Work to complete — Leaving every picture out, please return exactly the lines from the top of the material below through the line with "Genius SlimStar 7250BT", both included.

Supplied information —
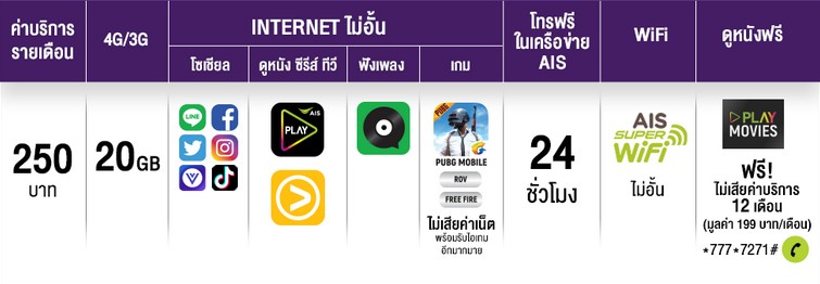 - เล่นเน็ตเต็มสปีด 20 GB (จากนั้นเล่นเน็ตต่อเนื่องด้วยความเร็ว 128 Kbps.)
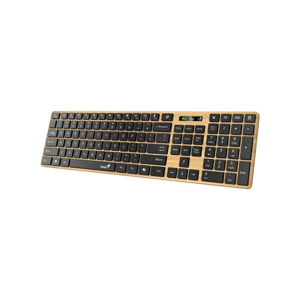 Genius SlimStar 7250BT predstavuje modernú bezdrôtovú klávesnicu s elegantným dizajnom inšpirovaným severným borovicovým drevom. Ponúka duálne pripojenie prostredníctvom Bluetooth 5.0 alebo 2,4GHz bezdrôtovej technológie s dosahom až 10 metrov. Klávesnica je ideálna pre širokú škálu zariadení vrátane stolových počítačov, notebookov, mobilných telefónov, tabletov aj inteligentných televízorov.
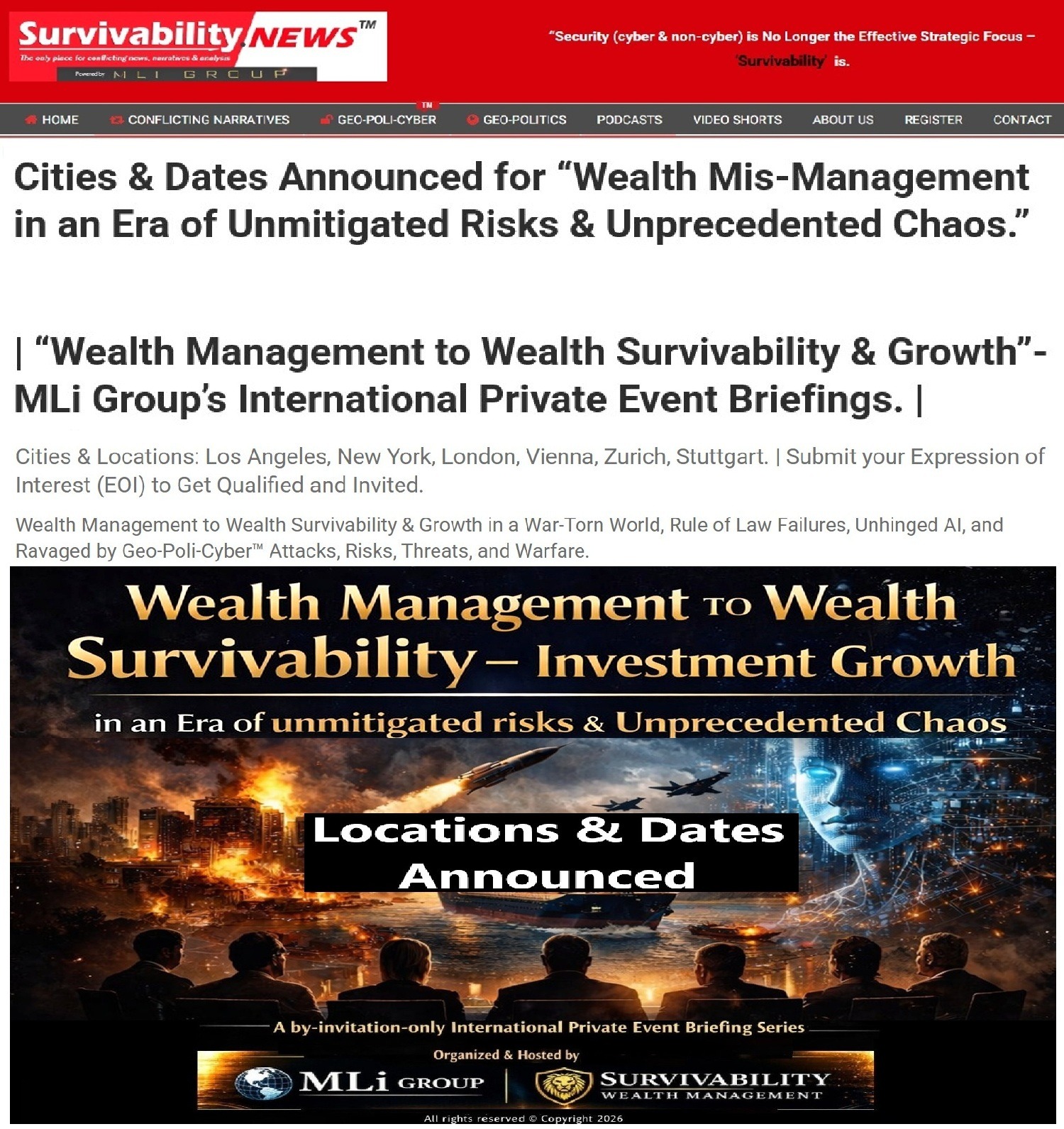 - He even wrote the “bible” on this with his two-time international best-selling book “Survivability” which is today in its 3rd edition.
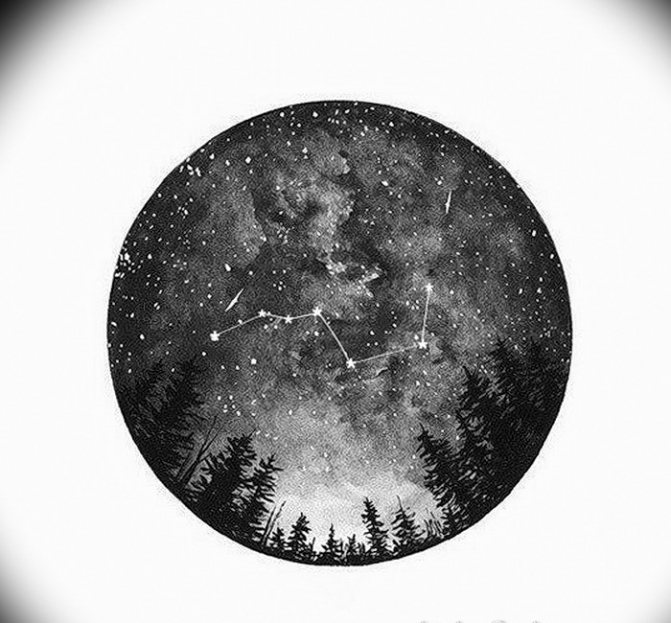 - Tattoo with the image of a constellation - a sketch that is very popular in Eastern countries. Often order constellations that coincide with their zodiac sign, with a sketch performed in graphic style.
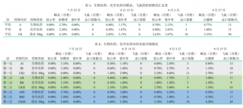 試驗區(qū)域病蟲發(fā)生及田間發(fā)育情況分別于 2022 年 7 月 18 日、2022 年 8 月 10 日、2022 年 8 月 28 日嚴格按試驗方案進行對比試驗相關(guān)處理實施, 每次噴施后第 5天組織技術(shù)人員對蟲害發(fā)生情況進行大田調(diào)查、 并于 9 月 27 日成熟期對蟲害發(fā)情況進行大田調(diào)查統(tǒng)計。
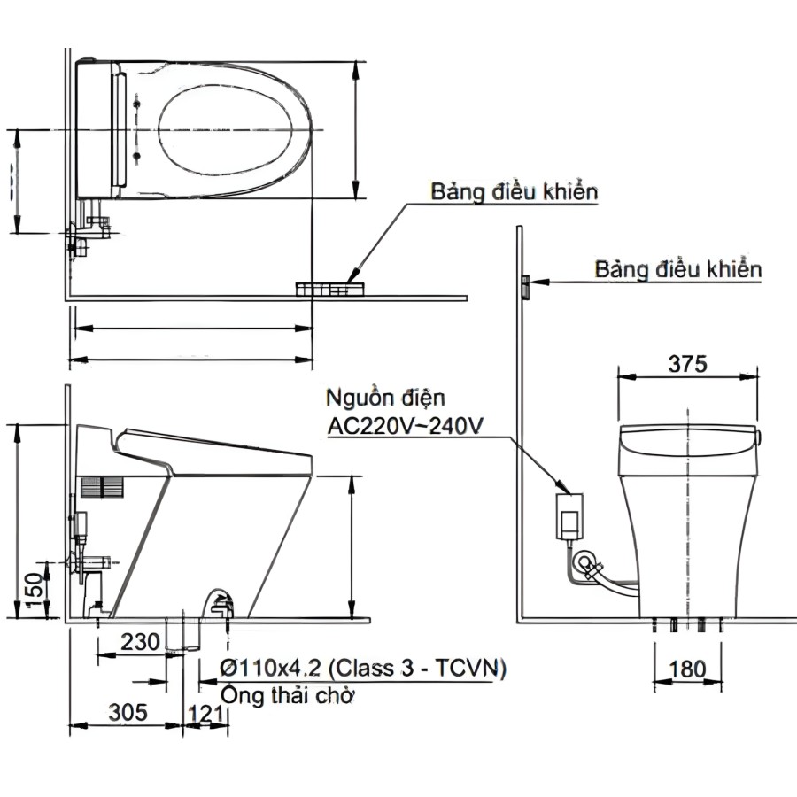 Kiểm tra nguồn điện và nước: Đảm bảo nguồn điện ổn định (220V) và áp lực nước trong khoảng cho phép (0,07~0,75MPa) để bồn cầu hoạt động tốt nhất.
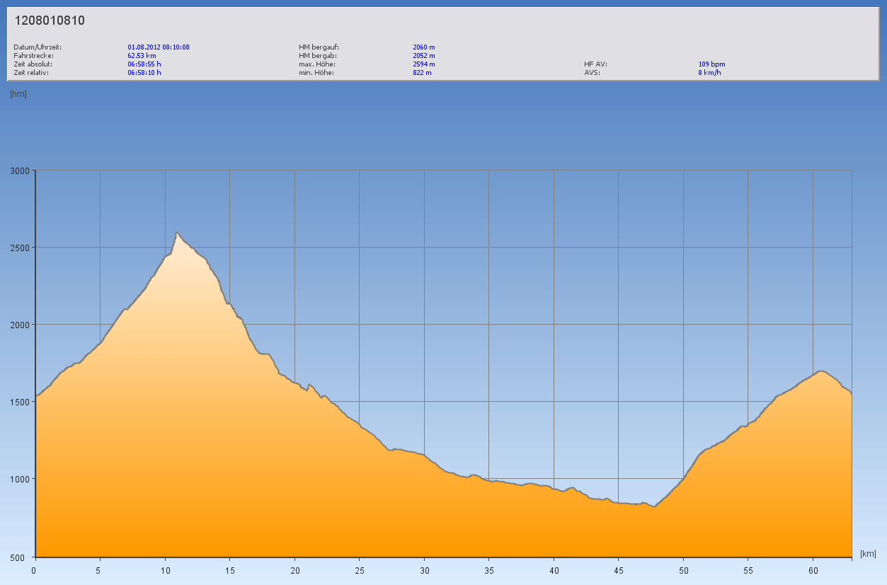 Kleine Anekdote am Rande: Von den Benefiz-Bikern lernten wir in Pezzo einen schönen Brauch kennen, den ich jetzt wohl in unsere Bikegruppe übernehmen werde. Einer von der Truppe trug über seiner Bib Short einen rosa Damenslip. Auf unsere verwunderte Frage, was das zu bedeuten hätte, erhielten wir eine erstaunlich Antwort: Es handelte sich um die Jammerhose – der Erste, der am Morgen jammert, muss diese Hose über den ganzen Tag tragen. 😉
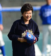 2013.10.27 14: 55박근혜 대통령 한국시리즈 시구,'야구 글러브 생소하네요'
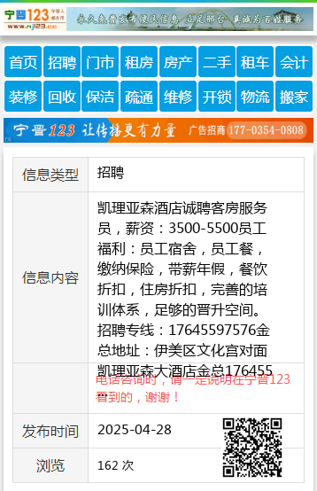 凯理亚森酒店诚聘客房服务员,薪资:3500-5500员工福利:员工宿舍,员工餐,缴纳保险,带薪年假,餐饮折扣,住房折扣,完善的培训体系,足够的晋升空间。招聘专线:17645597576金总地址:伊美区文化宫对面凯理亚森大酒店金总17645597576 【电话咨询时,请一定说明在伊春信息网看到的,谢谢!】 |
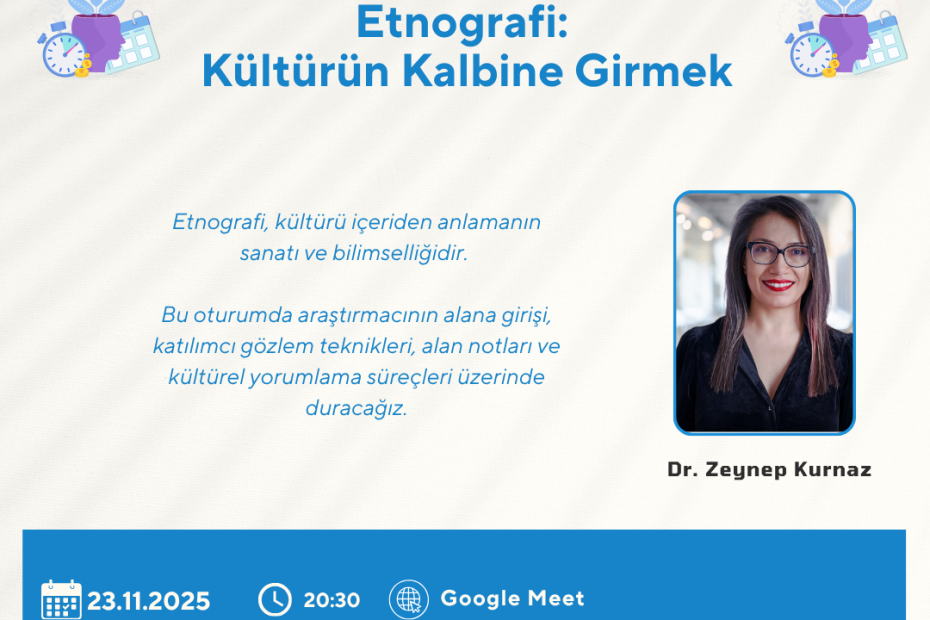 Etnografi, kültürü içeriden anlamanın sanatı ve bilimselliğidir. Bu oturumda araştırmacının alana girişi, katılımcı gözlem teknikleri, alan notları ve kültürel yorumlama süreçleri üzerinde duracağız. Katılımcılar, bir topluluğun gündelik yaşamına duyarlılıkla yaklaşmayı,… Daha fazlasını oku »Etnografi: Kültürün Kalbine Girmek
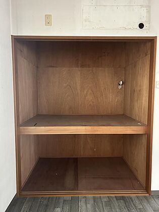 【リフォーム中/2階リビング収納】2階のリビングスペースにある収納です。ドアを交換し、中は壁紙で綺麗に仕上げます。
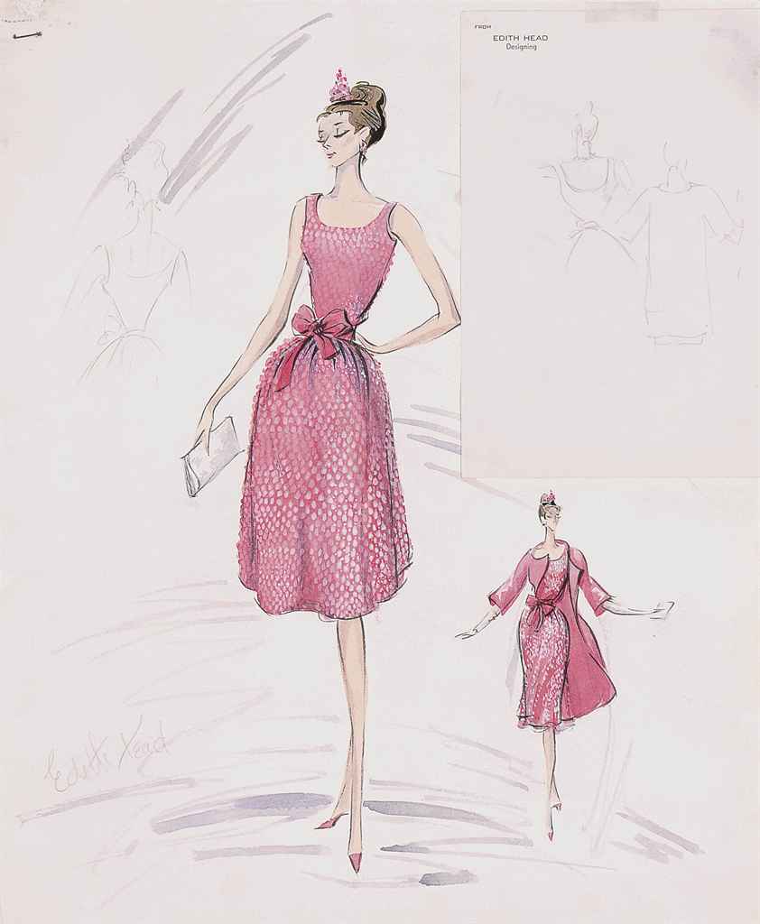 Розовое платье Холли Голайтли — Одри Хепберн из фильма «Завтрак у Тиффани» (“Breakfast at Tiffany’s“, 1961) Блейка Эдвардса, как и ключевые наряды героини, — дело рук французского дизайнера Юбера де Живанши. Это шелковое коктейльное платье, расшитое пайетками и желтыми кисточками, с розовым бантом вокруг талии Холли надевает вместе с легким атласным пальто и туфлями в тон. Из украшений на ней — блестящая детская розовая диадема и серьги, аксессуары — блестящий белый клатч и бандерилья (разноцветные копья-гарпуны, которые втыкают в спину быка во время корриды, чтобы «развеселить» его).
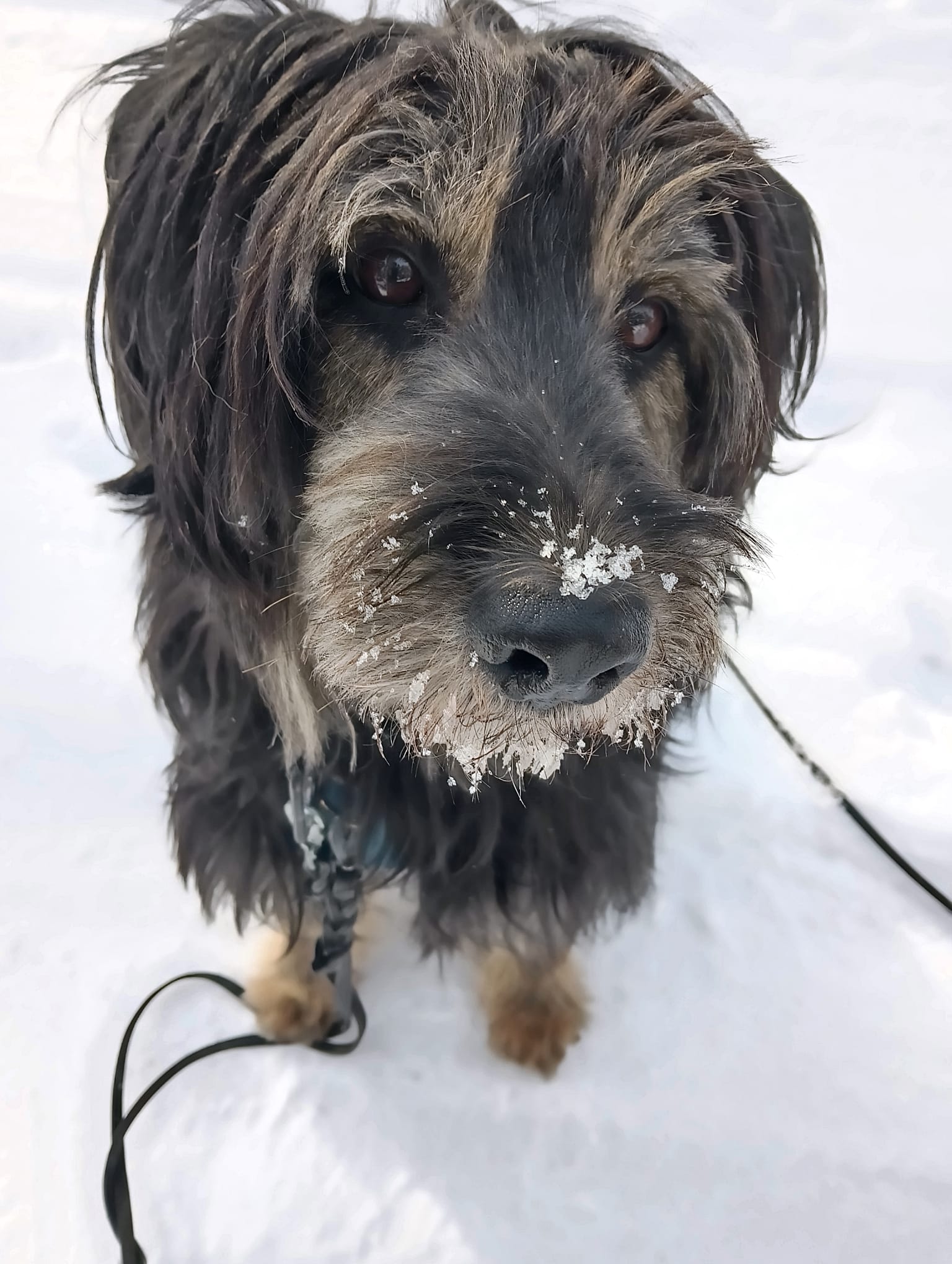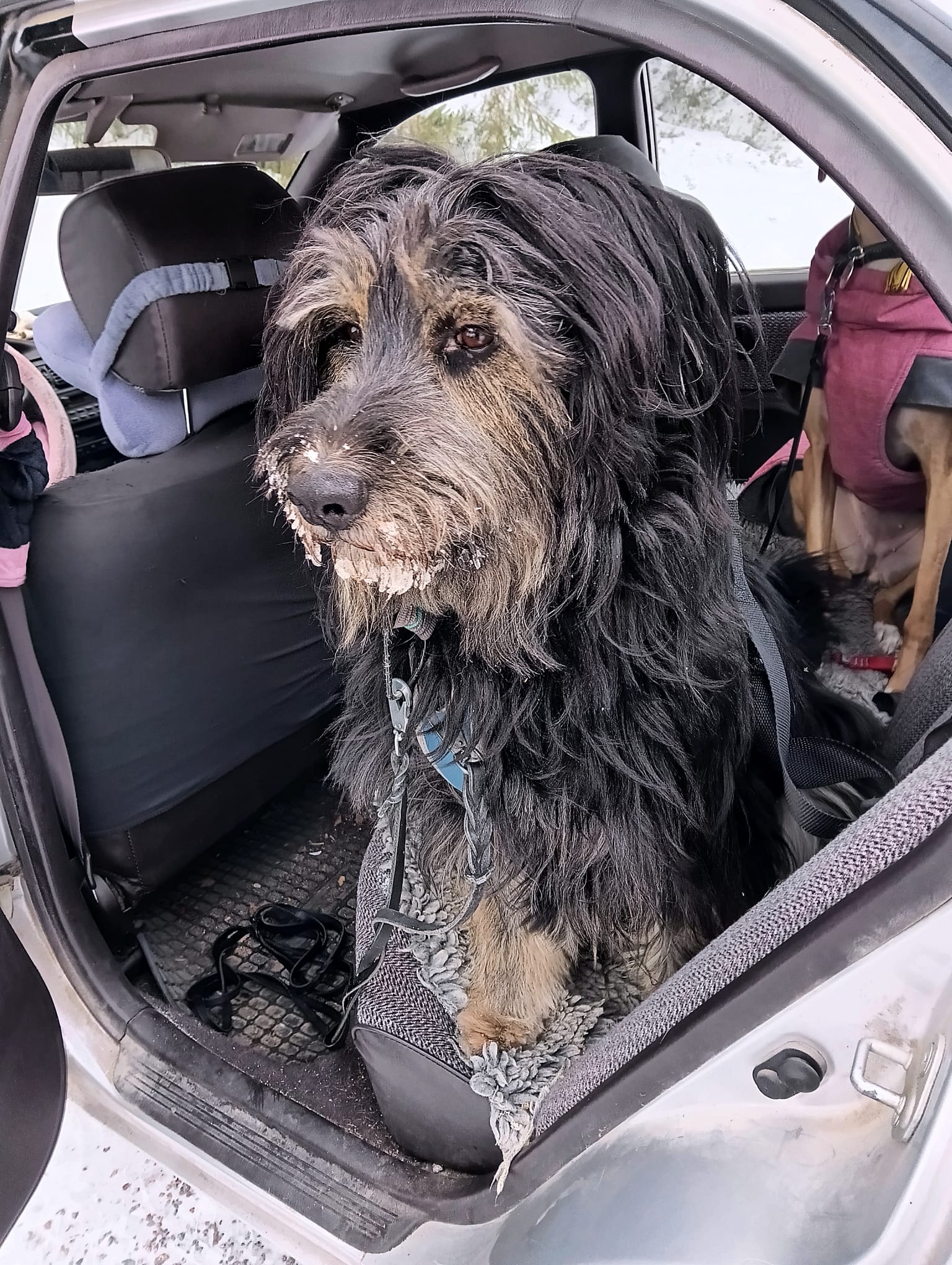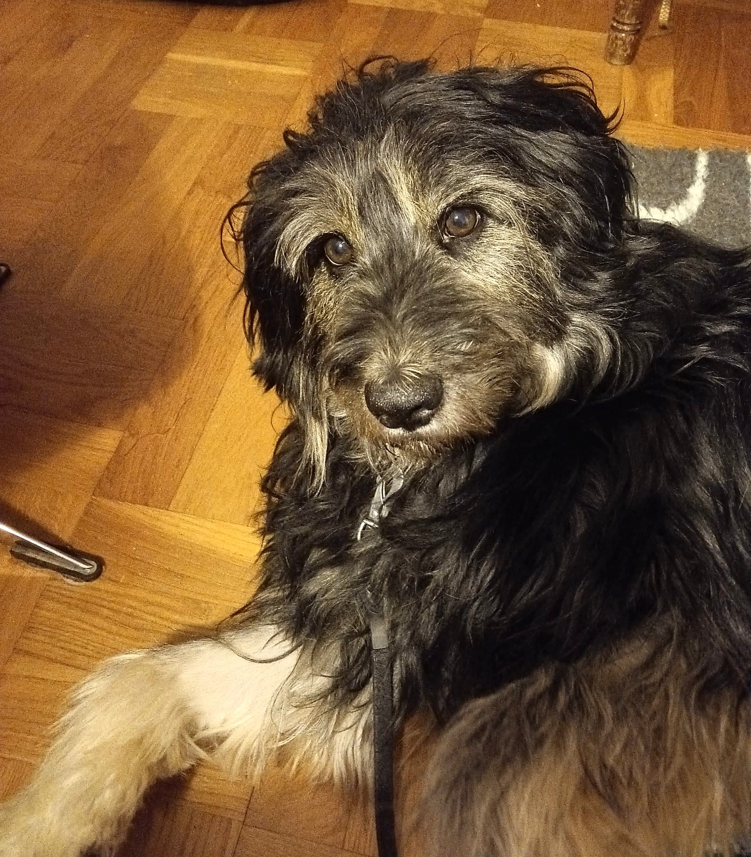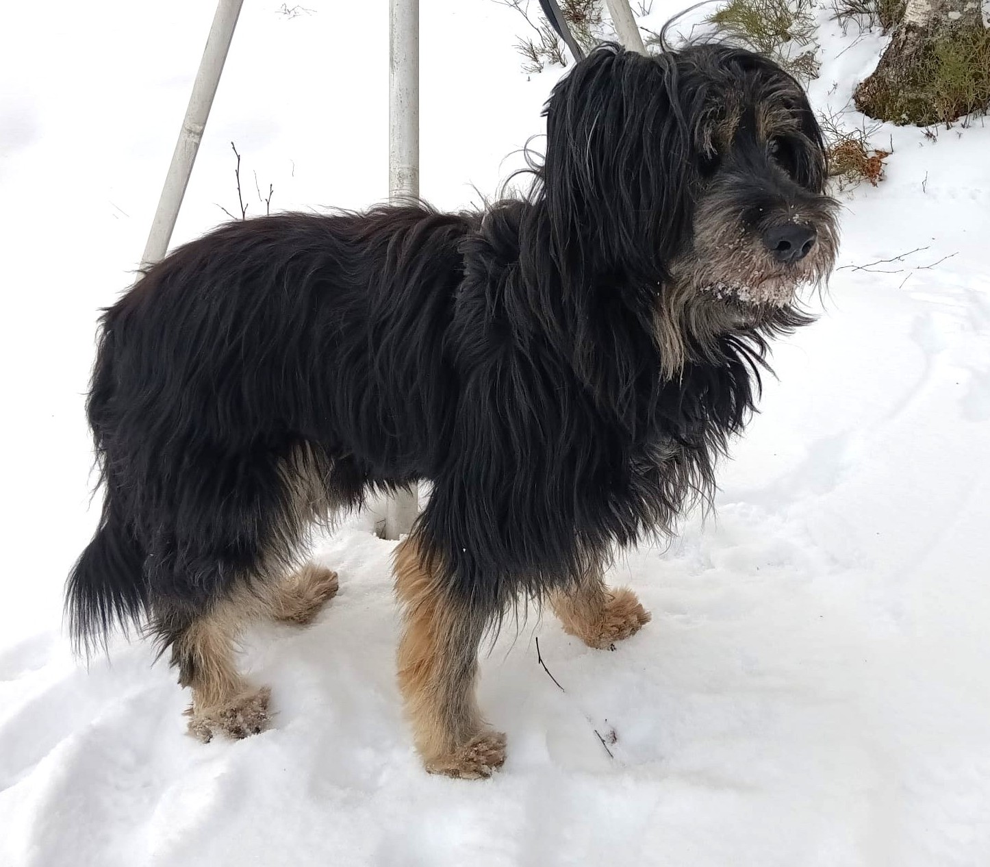 Dylan, som tidigare kallades Sonat, hittades övergiven med ett okänt förflutet och togs om hand av ett rescue i Polen. Där beskrevs han som en trygg hund med ett stort hjärta som njöt av klappar och uppmärksamhet. Han kom till sin familj i Sverige i november 2025, men söker nu ett nytt hem.

Answer for the task —
 - เล่นเน็ตเต็มสปีด 20 GB (จากนั้นเล่นเน็ตต่อเนื่องด้วยความเร็ว 128 Kbps.)
 Genius SlimStar 7250BT predstavuje modernú bezdrôtovú klávesnicu s elegantným dizajnom inšpirovaným severným borovicovým drevom. Ponúka duálne pripojenie prostredníctvom Bluetooth 5.0 alebo 2,4GHz bezdrôtovej technológie s dosahom až 10 metrov. Klávesnica je ideálna pre širokú škálu zariadení vrátane stolových počítačov, notebookov, mobilných telefónov, tabletov aj inteligentných televízorov.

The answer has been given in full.